# [WHAT YOU NEED TO DO]
What is wanted is every line below from the one with "- 일부 지역은 오후" up to and including the one with "Die geschlossene Küche", retyped exactly, pictures excluded, nothing else.

# [DATA PROVIDED]
*-*-*

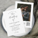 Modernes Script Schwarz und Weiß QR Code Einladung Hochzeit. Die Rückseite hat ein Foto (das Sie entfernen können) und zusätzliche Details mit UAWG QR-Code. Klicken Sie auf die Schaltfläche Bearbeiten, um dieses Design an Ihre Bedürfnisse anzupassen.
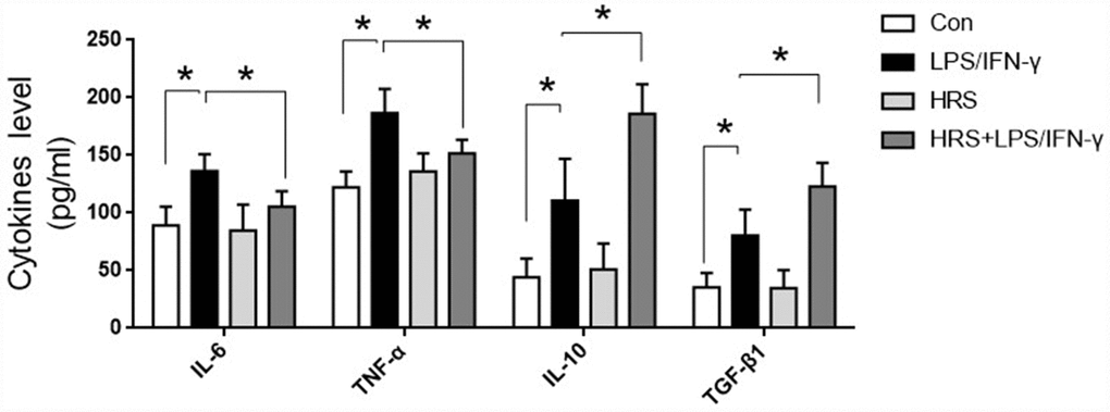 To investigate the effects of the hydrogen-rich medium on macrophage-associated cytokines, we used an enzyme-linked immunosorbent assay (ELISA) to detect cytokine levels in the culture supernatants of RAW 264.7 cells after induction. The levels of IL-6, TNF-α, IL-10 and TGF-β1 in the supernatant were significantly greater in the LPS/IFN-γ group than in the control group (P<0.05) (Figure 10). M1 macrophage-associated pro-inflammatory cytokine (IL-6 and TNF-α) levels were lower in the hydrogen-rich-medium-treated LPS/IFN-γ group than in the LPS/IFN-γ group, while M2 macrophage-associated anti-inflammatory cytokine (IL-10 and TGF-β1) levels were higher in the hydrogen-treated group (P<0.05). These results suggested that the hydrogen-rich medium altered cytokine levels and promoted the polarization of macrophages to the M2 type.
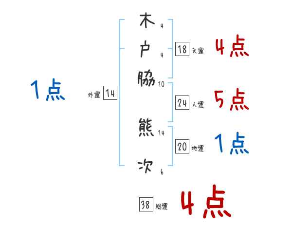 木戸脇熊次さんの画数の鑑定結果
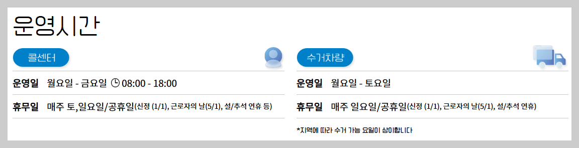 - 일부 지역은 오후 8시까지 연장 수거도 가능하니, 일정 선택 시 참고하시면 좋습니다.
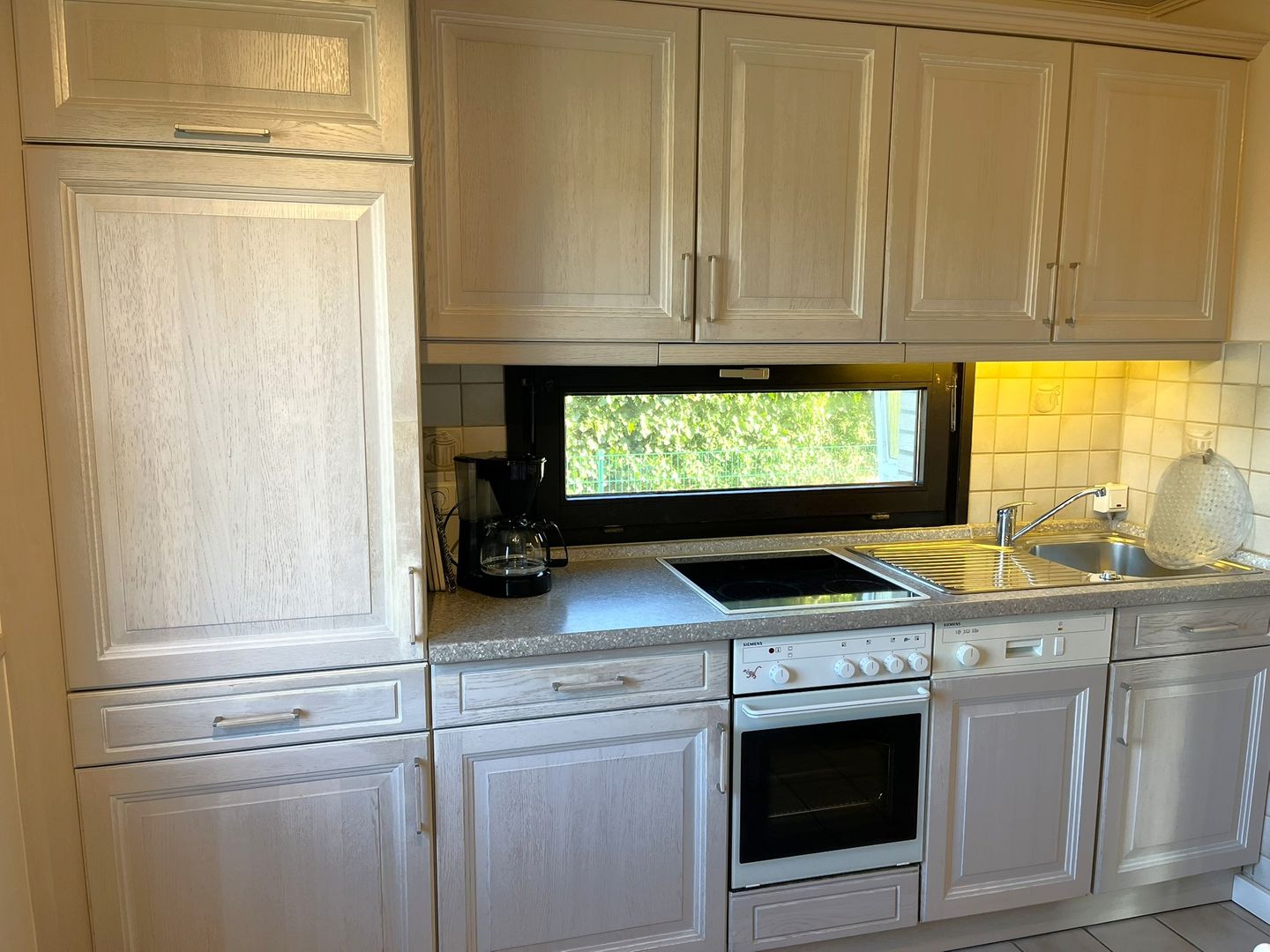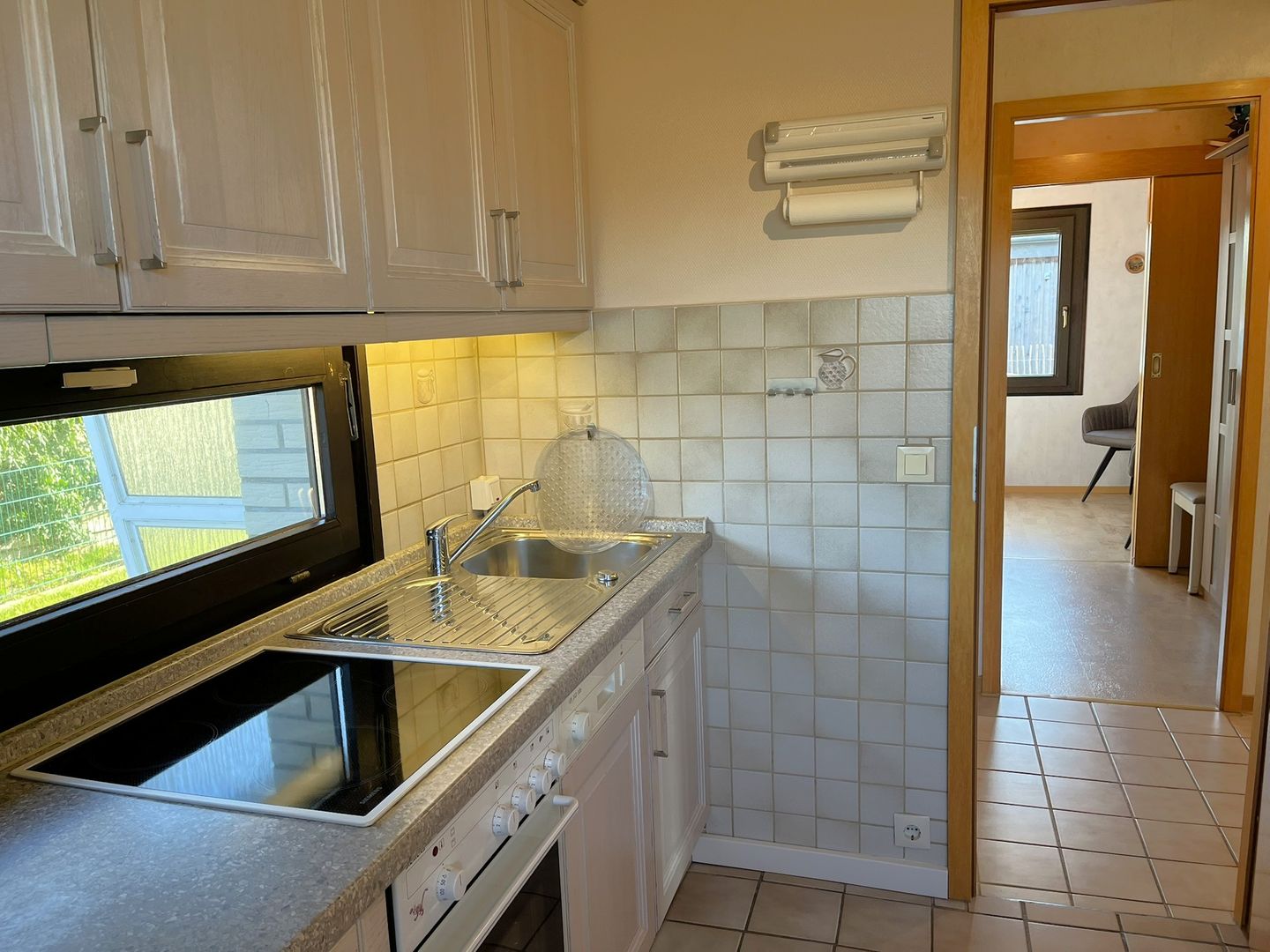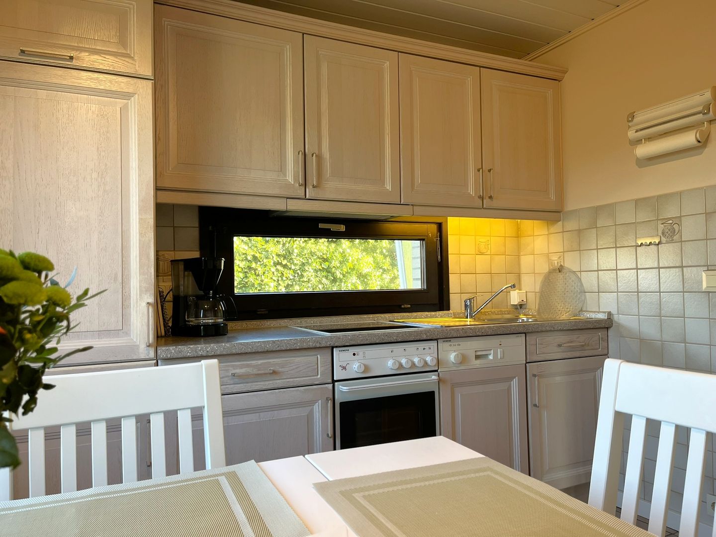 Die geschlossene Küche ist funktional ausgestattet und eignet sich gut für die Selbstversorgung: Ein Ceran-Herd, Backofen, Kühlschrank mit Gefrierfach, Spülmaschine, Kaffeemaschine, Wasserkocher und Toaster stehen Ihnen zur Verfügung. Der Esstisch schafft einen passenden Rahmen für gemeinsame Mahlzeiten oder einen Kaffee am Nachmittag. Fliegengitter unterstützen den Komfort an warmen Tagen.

*-*-*

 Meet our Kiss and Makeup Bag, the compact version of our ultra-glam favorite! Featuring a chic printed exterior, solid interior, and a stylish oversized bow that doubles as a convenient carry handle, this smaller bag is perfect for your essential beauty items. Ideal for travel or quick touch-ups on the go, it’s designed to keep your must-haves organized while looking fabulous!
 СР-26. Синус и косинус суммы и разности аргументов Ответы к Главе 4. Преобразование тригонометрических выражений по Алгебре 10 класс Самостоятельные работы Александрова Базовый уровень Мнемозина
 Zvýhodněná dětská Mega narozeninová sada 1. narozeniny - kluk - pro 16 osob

*-*-*

# [ANSWER SECTION]
 - 일부 지역은 오후 8시까지 연장 수거도 가능하니, 일정 선택 시 참고하시면 좋습니다.
 Die geschlossene Küche ist funktional ausgestattet und eignet sich gut für die Selbstversorgung: Ein Ceran-Herd, Backofen, Kühlschrank mit Gefrierfach, Spülmaschine, Kaffeemaschine, Wasserkocher und Toaster stehen Ihnen zur Verfügung. Der Esstisch schafft einen passenden Rahmen für gemeinsame Mahlzeiten oder einen Kaffee am Nachmittag. Fliegengitter unterstützen den Komfort an warmen Tagen.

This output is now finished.